Savaştan iki yıl sonra yine karşılaşan Domenico ile Filumena görüşmeye Başlarlar, birbirlerinden ayrılamazlar. Filumena’nın randevu evinden çıkıp arabasında onu bekleyen Domenico’ya kadar yürüyüş planı unutulmazdır. Domenico genç kadından çok hoşlansa bile ondan utanır, yer yer aşağılar, insan içine çıkarmaz, yüksek tabaka dostlarıyla tanıştırmaz. Filumena, Domenico’ya çok aşık olduğu için bunları görmezden gelir, içten içe üzülür ama üzüntüsünü dışa vurmaz, güçlüdür, onurludur, dik durur.
Filumena, Domenico’ya ‘Beni nasıl seviyorsun? Ne biçim sevgi bu? Başkaları ile yattığımı düşünerek benimle nasıl yaşayabiliyorsun?Senin elinde bir kadın oldum ben. Beni bırakıp bırakıp gidiyorsun sonra yine dönüyorsun, altüst oluyorum. Artık randevu evinde kalmak istemiyorum’ deyip Domenico’ya restini çeker. Filumena’yla evlenmeye niyeti olmayan Domenico onu pastanesinde çalıştırmaya başlatır, hatta işi iyice abartarak bunak Annesi Donna Matilda’ya bakması için evine bakıcı olarak getirir. ‘Bu evin patronu artık sensin’ diyen Domenico’ya ‘Evet, hizmetçi odasında yatan patron’ diye yanıt verir Filumena. Annesi vefat edince başsağlığına gelenlerin yanına Filumena’yı çıkartmaz. Başka kadınlarla düşüp kalkar.

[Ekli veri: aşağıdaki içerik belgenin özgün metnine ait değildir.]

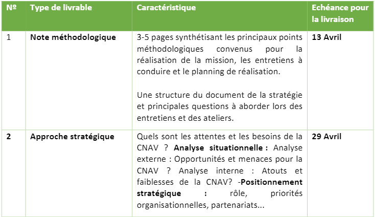 •Note méthodologique pour la conduite de la mission: à la suite d’une réunion avec le COPIL, une note méthodologique sera élaborée et validée. Cette note confirmera le chronogramme de la mission, ainsi que la liste des entretiens à réaliser.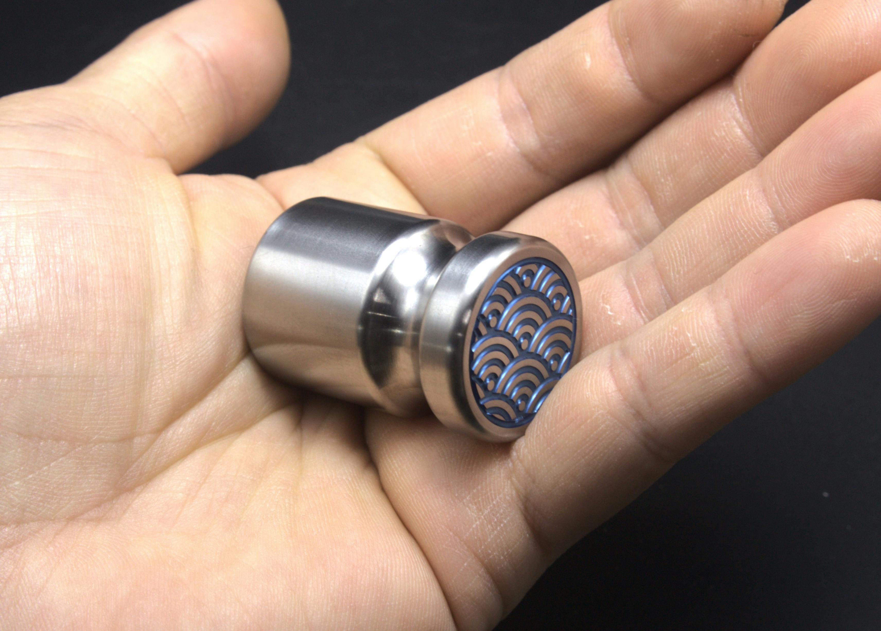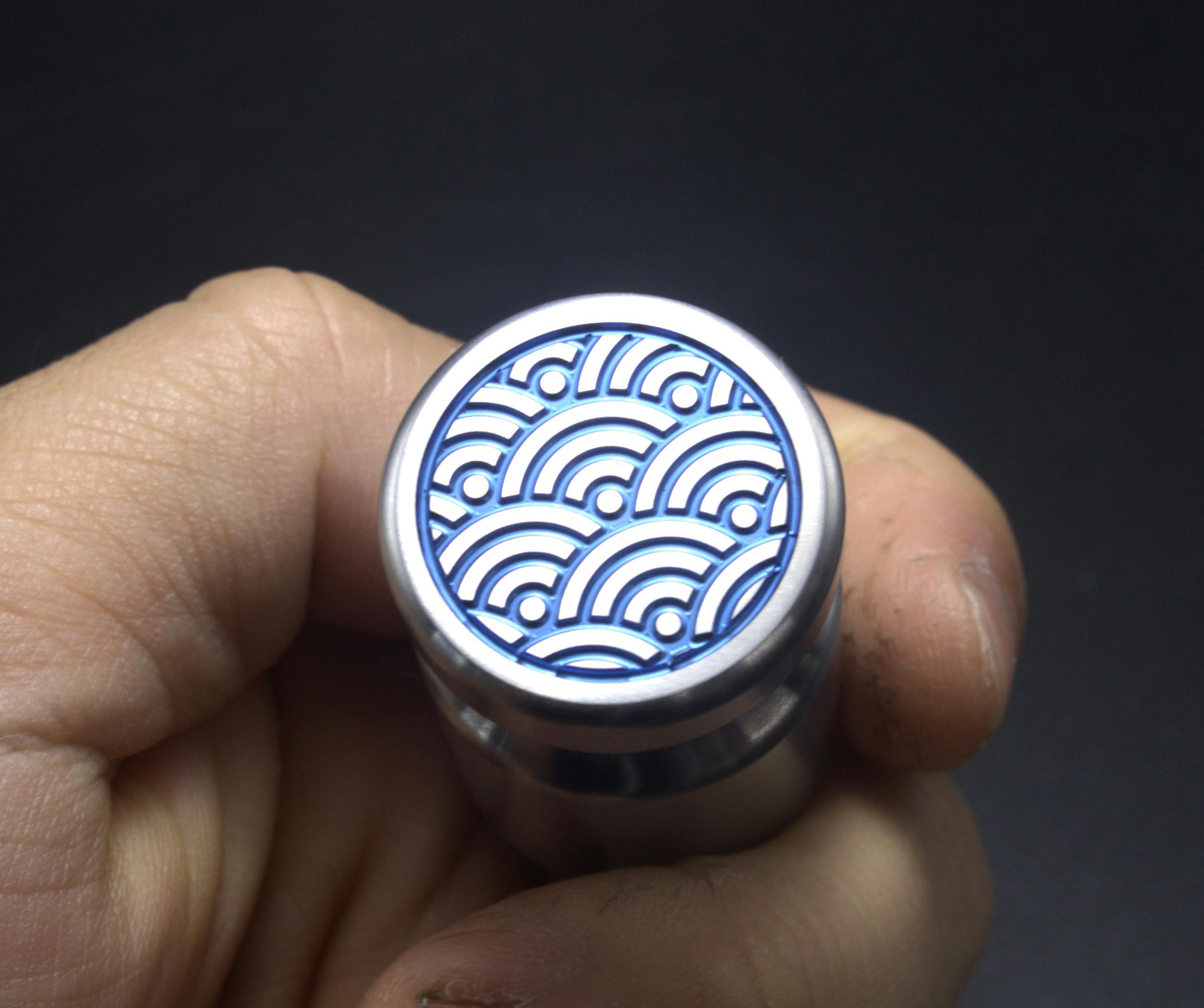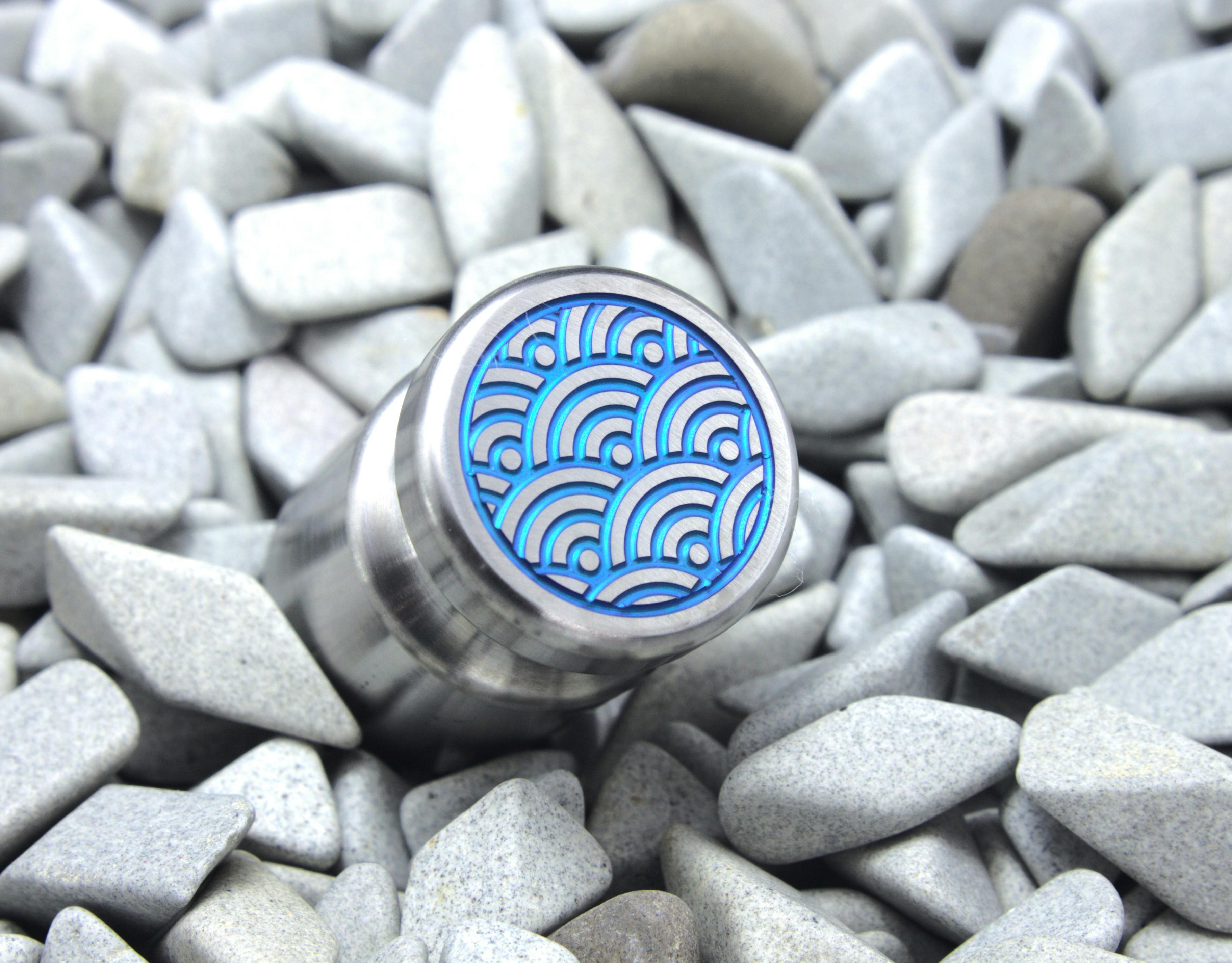 CNC machined 1" diameter grade 5 titanium magnets engraved with Seigaiha, the iconic Japanese blue sea and waves iconic. Anodized in 4 different colors and hand sanded to a satin finish.

Domenico’nun duyarsızlığı, egoizmi karşısında daha fazla dayanamayan Filumena isyan eder: 22 yıl sana hizmet ettim, annene baktım. Gençken her an kapıya konacak hizmetçi gibi çalıştım. Kırk yaşıma geldim, bana hep en son kadın gibi davrandın. Günahlar ödenir ama bu ödeme ne vakit biter’ deyip Domenico’ya üç erkek çocuğunun olduğunu, üç çocuktan birinin de ondan olduğunu açıklar. Pastanede çalışan güzel kasiyerle (Marilu Tolo) gizli gizli evlilik hazırlığı yapan Don Domenico’nun içine kurt düşer. Hangi çocuğun oğlu olduğunu merak eder, Filumena’yı terketmekten vazgeçer.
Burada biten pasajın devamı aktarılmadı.